Member of the National Assembly of Panama
- In office 1999–2009

Governor of Panamá Province
- In office 1994–1998

Minister of Education of Panama
- In office 1981–1984
- Preceded by: Gustavo García de Paredes
- Succeeded by: ?

Personal details
- Born: Susana Richa de Torrijos October 22, 1924 (age 101) Veraguas Province, Panama
- Party: Democratic Revolutionary Party
- Spouse: Hugo Torrijos
- Children: Hugo Torrijos Richa
- Relatives: Martín Torrijos (nephew)
- Alma mater: Complutense University of Madrid
- Occupation: Educator, essayist, politician

= Susana Richa =

Susana Richa de Torrijos (born October 22, 1924) is a Panamanian educator, essayist, and politician.

==Biography==
Richa studied at the Normal School of Santiago, where she obtained the title of teacher. She later qualified as a graduate in philosophy, a professor of Spanish at the University of Panama, and a PhD in philology at the Complutense University of Madrid.

Richa was a Spanish teacher at several institutions including the Normal School of Santiago, the Liceo de Señoritas, the Universidad Católica Santa María La Antigua, and the University of Panama. She has served as director of the Spanish Department, dean of the Faculty of Philosophy, Arts, and Education, member of the Editorial Board, member of the Board of Directors, academic vice-rector, and rector in charge of the University of Panama.

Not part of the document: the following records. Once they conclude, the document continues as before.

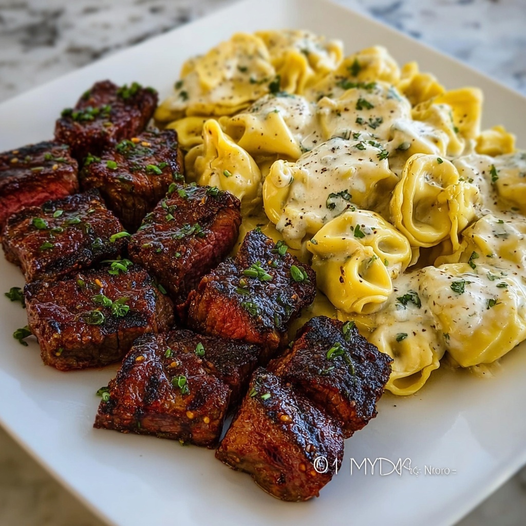 This dish is wonderfully satisfying on its own but pairs beautifully with a crisp green salad tossed in a tangy vinaigrette or roasted vegetables like asparagus or Brussels sprouts. These sides bring crunch and freshness that complement the creamy tortellini and spicy steak.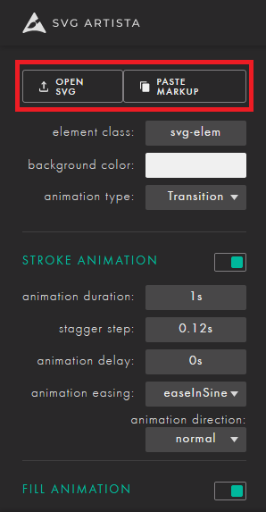 「OPEN SVG」から作成したSVGファイルをアップロードします。インラインSVGのコードの場合は「PASTE MARKUP」で貼り付けて下さい。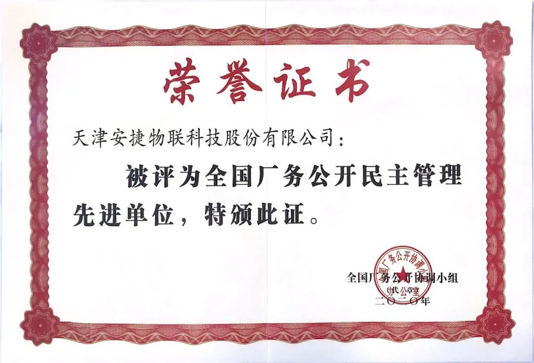 近日,天津今年会jinnianhui物联科技股份有限公司被全国厂务公开协调小组授予“全国厂务公开民主管理先进单位”称号。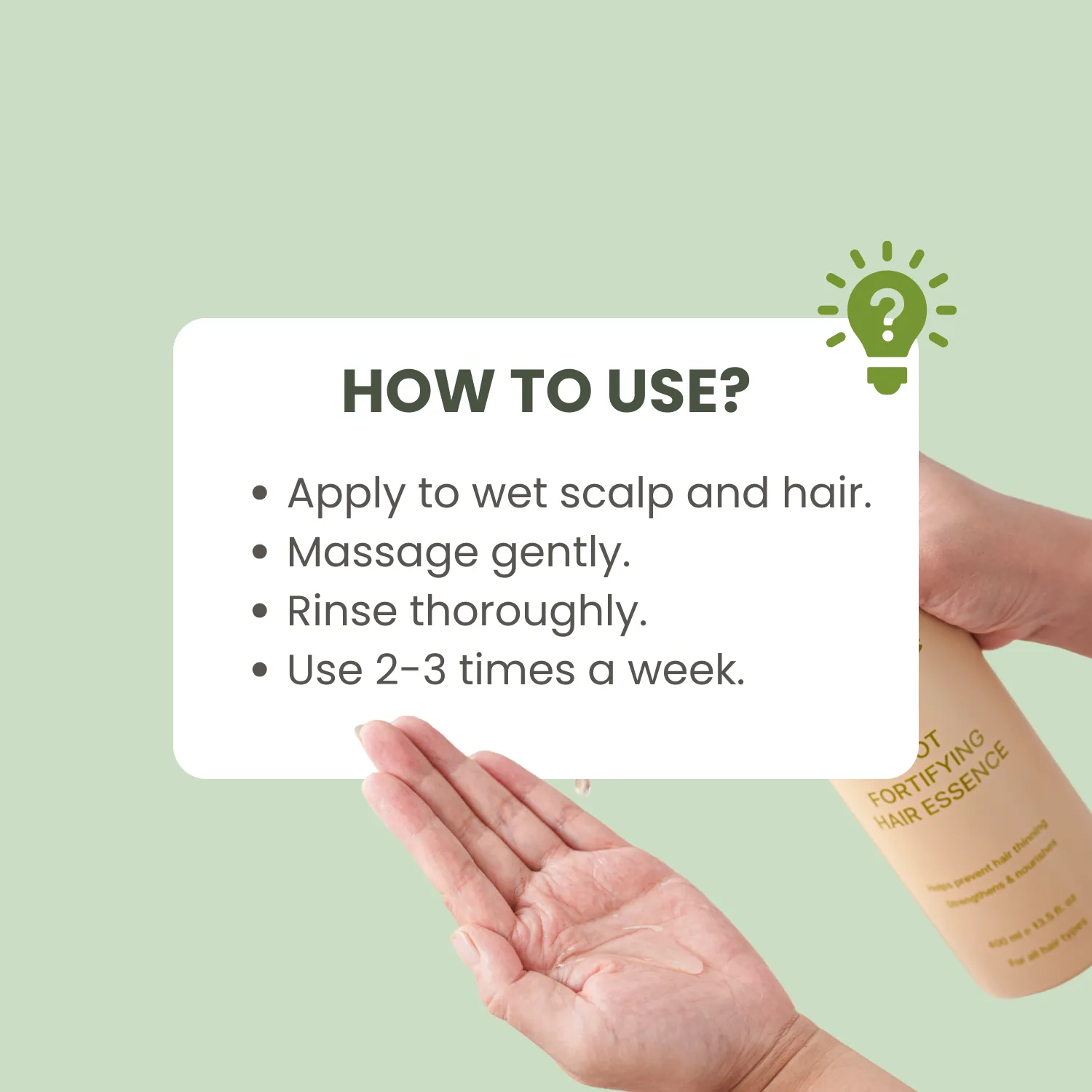 • Cleanse – Wash with the Root Fortifying Hair Essence to remove impurities and strengthen roots.

In the field of public education, Richa was National Supervisor of Spanish, Deputy Director and National Director of Secondary Education, National Director of Education, Vice Minister of Education, and Minister of Education of Panama from 1981 to 1984.

As an essayist, she published two works: Compendio de literatura hispanoamericana y panameña and La educación panameña, situación, problemas y soluciones.

As a politician, during the government of Ernesto Pérez Balladares she was appointed governor of Panamá Province from 1994 to 1998, when she resigned to be elected legislator of the National Assembly for the Democratic Revolutionary Party in 1999, and re-elected in 2004. She was vice president of the National Assembly on two occasions: 2001–2002 and 2006–2007.

In December 1999 Richa was separated from her position of professor at the Faculty of Humanities at the University of Panama under the Faúndes Law, which prohibited public officials from serving beyond age 75. She sought a reversal before the Third Chamber of the Supreme Court of Justice, but was unsuccessful. On August 20, 2007, she co-sponsored an initiative which successfully repealed the Faúndes Law. In 2011 she received an award for 50 years of service with the University.

Richa is married to Hugo Torrijos (brother of the Panamanian military dictator Omar Torrijos Herrera) and had one son, politician Hugo Torrijos Richa, who died in 2010. She is also the aunt of former President Martín Torrijos.